Re: [PATCH] Fix the issue that lowmemkiller fell into a cycle that try to kill a task

From: 朱辉
Date: Tue Oct 14 2014 - 03:01:33 EST


2014 09 24 23:36, Rik van Riel:
> On 09/22/2014 10:57 PM, Hui Zhu wrote:
>> The cause of this issue is when free memroy size is low and a lot of task is
>> trying to shrink the memory, the task that is killed by lowmemkiller cannot get
>> CPU to exit itself.
>>
>> Fix this issue with change the scheduling policy to SCHED_FIFO if a task's flag
>> is TIF_MEMDIE in lowmemkiller.
>
> Is it actually true that the task that was killed by lowmemkiller
> cannot get CPU time?

I am so sorry that answer this mail late because I tried to do more test
around it.
But this issue is really hard to reproduce the issue.

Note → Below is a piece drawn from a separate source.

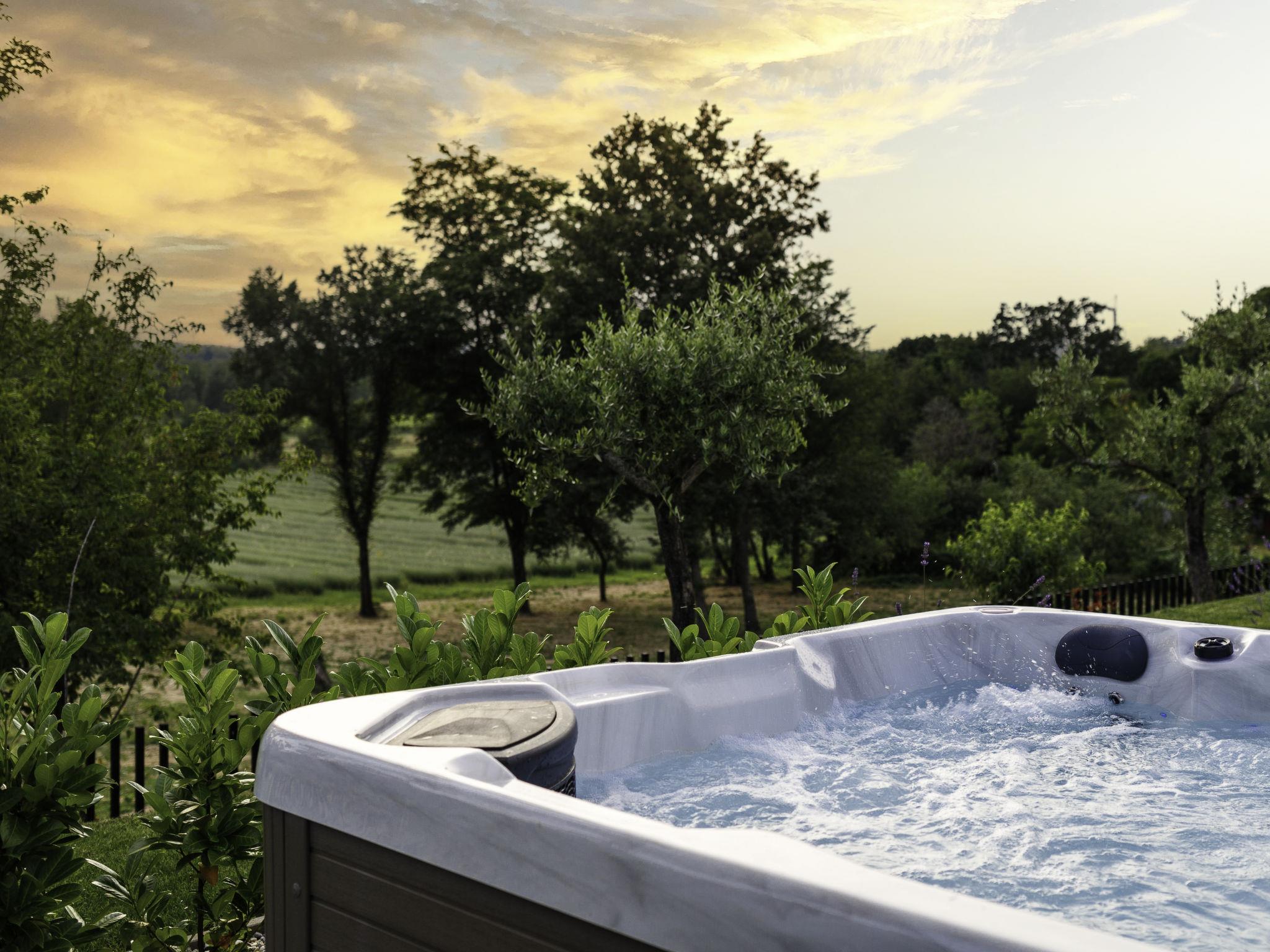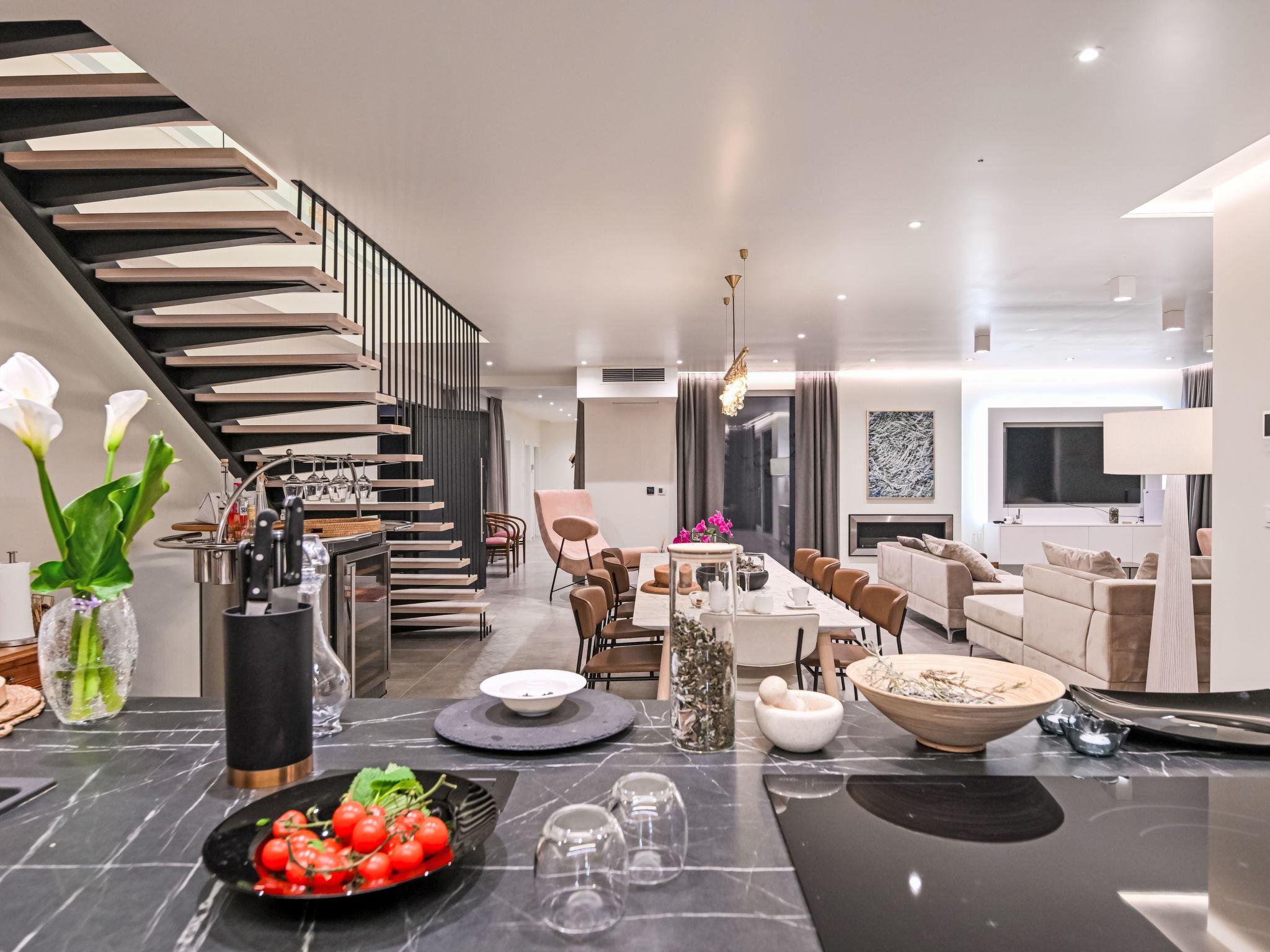 5-room villa 280 m2 on 2 levels. Very beautiful and luxurious furnishings: large living/dining room with satellite TV. Exit to the terrace, to the swimming pool. 1 room with 1 french bed (200 cm, length 210 cm), shower/WC and satellite TV. Exit to the garden. 1 room with 1 french bed (180 cm, length 210 cm), shower/bidet/WC and satellite TV. Exit to the terrace, to the swimming pool. Open kitchen (oven, dishwasher, 5 induction hot plates, toaster, kettle, microwave, freezer, electric coffee machine). Exit to the terrace, to the swimming pool. Shower, sep. WC. Underfloor heating. Upper floor: 1 room with 1 french bed (200 cm, length 210 cm), shower/bidet/WC and satellite TV. Exit to the balcony. 1 room with 1 french bed (200 cm, length 210 cm), shower/WC and satellite TV. Exit to the balcony. Floor heating, forced-air heating. Large balcony 30 m2, terrace 15 m2, roofed. Terrace furniture, balcony furniture, deck chairs. View of the countryside. Facilities: safe, iron, hair dryer. Internet (WiFi, free). Please note: non-smoking house. Fire extinguisher. Available: wine-cooler, 2 x ceramic heated lounger. One bedroom on the ground floor and pool area adapted for people with disabilities.

I got a special
app that can reproduce this issue easyly. But I still need retry a lot
of times to repdroduce this issue.

And I found that most of time, the task cannot be killed because it is
blocked by binder_lock.
It looks like there are something wrong with a task that get binder_lock
and it is blocked by another thing.

So I make a patch that change a binder_lock to binder_lock_killable to
handle this issue.(I will post it later)
It work sometime but I am not sure it is right.
And I just met one time, the kernel with the binder patch and without
the lowmemkiller SCHED_FIFO patch, a task that didn't blocked by a lock.
And different tasks call lowmemkiller tried to kill this task.
I think the root cause of this issue is killed task cannot get cpu.
But I just got this issue one time.

>
> It is also possible that the task is busy in the kernel, for example
> in the reclaim code, and is not breaking out of some loop fast enough,
> despite the TIF_MEMDIE flag being set.
>
> I suspect SCHED_FIFO simply papers over that kind of issue, by not
> letting anything else run until the task is gone, instead of fixing
> the root cause of the problem.
>
>

According to I introduction, I think lowmemkiller SCHED_FIFO patch maybe
can handle some issue.

Thanks,
Hui